Editorial Policy

Automatic Payments: Time Saver or Financial Snooze Button?

Kristin McGrath

January 25, 2013

This weekend, a friend looked at me like I was crazy when she saw my to-do list taped on the wall near my desk.

“Pay electric bill?” she asked incredulously, reading off the first item. “How do you seriously not have auto-pay set up for that? Are you my mom? Do you write out a check and lick a stamp and mail it?”

For the record, I pay the bill online (not via snail mail) — but I do pay it manually, every month, along with several other bills. I do have automatic payments set up for some bills, but I prefer to pay as many as I can the “hard” way.

The benefits of automatic payments seem obvious: They take a minute to set up and save you hours over the course of a year. Because you can’t forget a bill, you can avoid late fees.

Yet automatic payments can have disadvantages, too, as personal finance bloggers from Christian Personal Finance, Moolanomy and WiseBread have all pointed out. Because you know your bills are getting paid, it makes it easier to ignore your billing statements and miss errors. If you don’t keep an eye on the balance of the account that these bills get paid from, you might end up with an overdrawn account. Plus, as I learned last year, setting automatic payments to your debit card can blow up in your face if that debit card gets compromised by a thief.

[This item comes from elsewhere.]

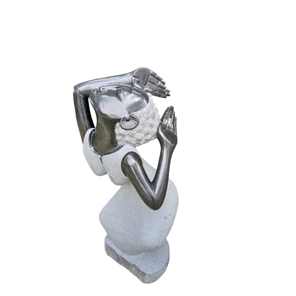 The "Choreographer" stone sculpture by Benjamin Mashaya is a masterful representation of movement and passion, expertly carved from serpentine (springstone), a renowned material from Zimbabwe. This striking piece captures a female dancer in the midst of an expressive and elegant dance, highlighting her fluid, intricate motions with remarkable detail. The sculpture’s polished surface reveals the natural beauty and subtle hues of the stone, enhancing its lifelike quality and emotional impact. Perfect for admirers of African art and dance, this sculpture brings energy, creativity, and cultural richness into any environment, making it an inspiring centerpiece for your collection.

I’ve now reached what I find to be a healthy compromise with automatic payments that allows me to use them without relying on them for everything. Here’s a rundown of my current system:

Bills I pay automatically:

  • Car insurance: I pay my premium twice per year. That’s seldom enough for me to forget about it — or at least forget the password that would allow me to log into Geico and pay it manually. So this bill gets paid automatically out of my checking account.
  • Storage unit: This bill is the same every month, so there’s less room for billing errors. When I look over my checking account online, I make sure it’s there and that it’s the correct amount.
  • Cellphone: I recently re-joined my family’s family plan to save money, but before that, I let auto-pay take care of my cellphone bill. I’d glance at the amount and investigate the matter further if it was higher than it should have been.

Bills I pay manually:

  • Electric bill: I canceled automatic payments after my account got compromised last year and never reinstated them once I realized how beneficial it was to take a close look at the billing statements. It’s become a game to try to use less electricity every month; a game that is saving me money. Sure, I could pay the bill automatically and still look at the statement. But I know my financial habits too well to believe that I would actually look at it if I didn’t have to.
  • Rent: At my apartment complex, a bunch of additional charges get added to my rent, including pest control, trash disposal and water, so the bill varies each month. I have spotted too many billing errors to ever trust this bill to auto-pay.
  • Credit card: I use my credit card for online purchases, travel purchases and big-ticket items. Paying this bill manually every month forces me to look my credit card statement in the eye and acknowledge how much some of my more expensive habits are costing me. Plus, I want to be able to spot fraudulent charges as soon as possible.

Are you a fan of automatic payments? Which bills do you use them for? Are there some bills you’ll never use them for?

With keeping your finances running smoothly in mind, here are some of my favorite personal finance blog posts of the week:

Kim from Eyes on the Dollar recounts the not-so-glamorous jobs she’s held and what she learned from them.

This is Common Cents calculates the real cost of cheap food.

Frugal Habits presents some ways to save money on gas.

Master the Art of Saving explains how making do with a simpler phone can save you money.

Debt Roundup advises readers to hold off on vacations until they’ve paid off all debt.

Wealth Pilgrim suggests some escape routes from five common debt traps.